B Cells Producing Type I Interferon Modulate Macrophage Polarization in Tuberculosis

HUDRISIER, DENIS; GICQUEL, BRIGITTE; ANTON-LEBERRE, VÉRONIQUE; NEYROLLES, OLIVIER; REHWINKEL, JAN; DEL CARMEN SASIAIN, MARIA; BOUDINOT, PIERRE; KAUFMANN, STEFAN HE; MERCIER, INGRID; LANG, ROLAND; SAKWA, IMME; JOUNEAU, LUC; COLOM, ANDRÉ; BÉNARD, ALAN; FILLATREAU, SIMON; O'GARRA, ANNE; LOXTON, ANDRE G; AL-SAATI, TALAL; TAILLEUX, LUDOVIC; SCHIERLOH, PABLO

AMERICAN JORUNAL OF RESPIRATORY AND CRITICAL CARE MEDICINE

American Thoraxic Society

Año: 2017

1073-449X

RATIONALE:In addition to their well-known function as antibody-producing cells, B lymphocytes can markedly influence the course of infectious or non-infectious diseases via antibody-independent mechanisms. In tuberculosis, B cells accumulate in lungs, yet their functional contribution to the host response remains poorly understood.OBJECTIVES:To document the role of B cells in tuberculosis in an unbiased manner.METHODS:We generated the transcriptome of B cells isolated from Mycobacterium tuberculosis (Mtb)-infected mice, and validated the identified key pathways using in vitro and in vivo assays. The obtained data were substantiated using B cells from pleural effusion of tuberculosis patients.MEASUREMENTS AND MAIN RESULTS: B cells isolated from Mtb-infected mice displayed a STAT1-centered signature, suggesting a role for interferons in B cell response to infection.
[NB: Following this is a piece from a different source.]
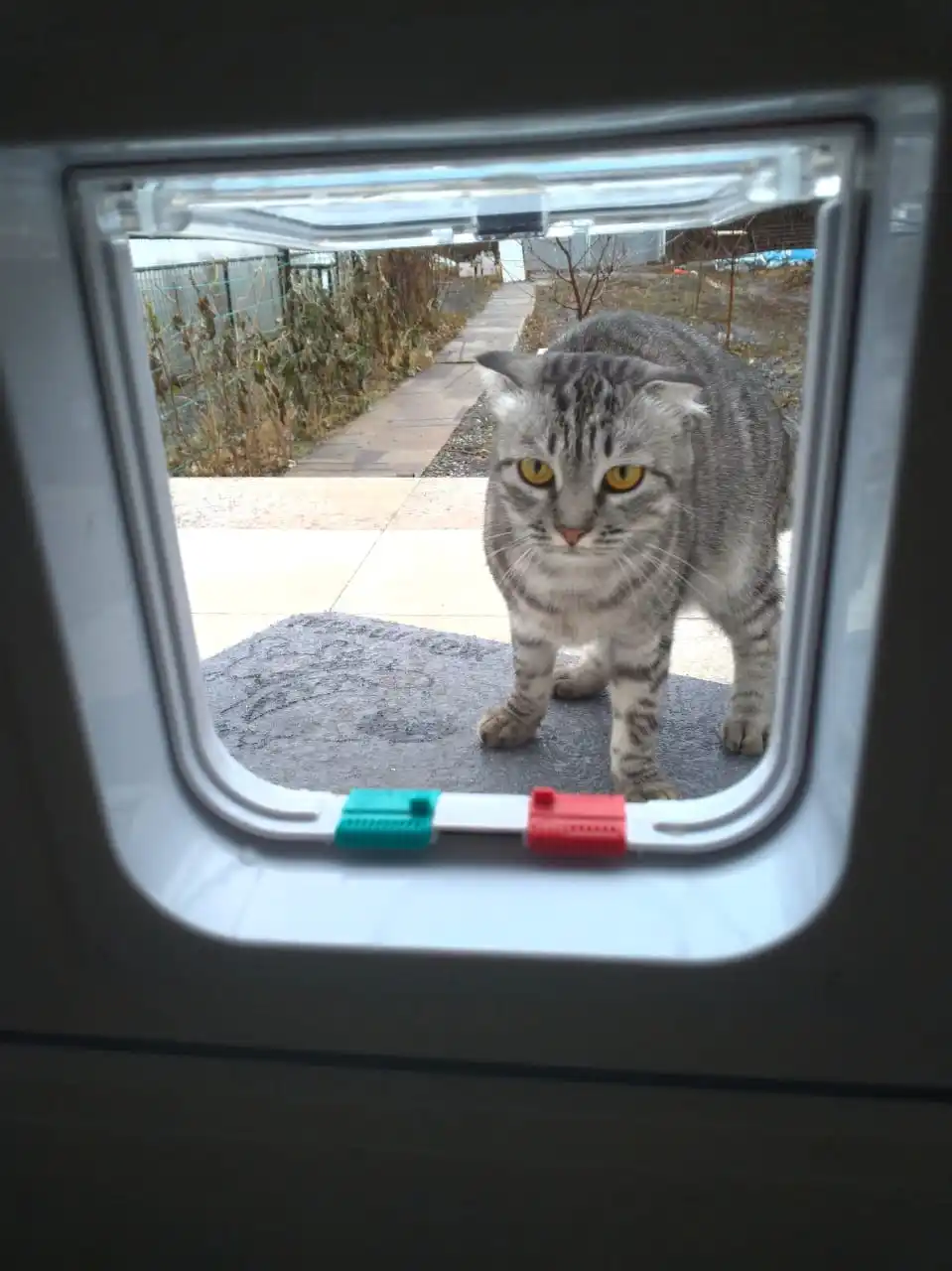 Спасибо, мой друг, за эту прекрасную дверь для кота! Кот счастлив! Дверь работает как написано. В комплекте нержавеющий крепеж. Выглядит красиво!

B cells stimulated in vitro with Mtb produced type I interferon, via a mechanism involving the innate sensor STING, and antagonized by MyD88 signaling. In vivo, B cells expressed type I interferon in the lungs of Mtb-infected mice and, of clinical relevance, in pleural fluid from patients with tuberculosis. Type I interferon expression by B cells induced an altered polarization of macrophages towards a regulatory/anti-inflammatory profile in vitro. In vivo, increased provision of type I interferon by B cells in a murine model of B cell-restricted Myd88-deficiency correlated with an enhanced accumulation of regulatory/anti-inflammatory macrophages in Mtb infected lungs.CONCLUSION: Type I interferon produced by Mtb-stimulated B cells favors macrophage polarization towards a regulatory/anti-inflammatory phenotype during Mtb infection.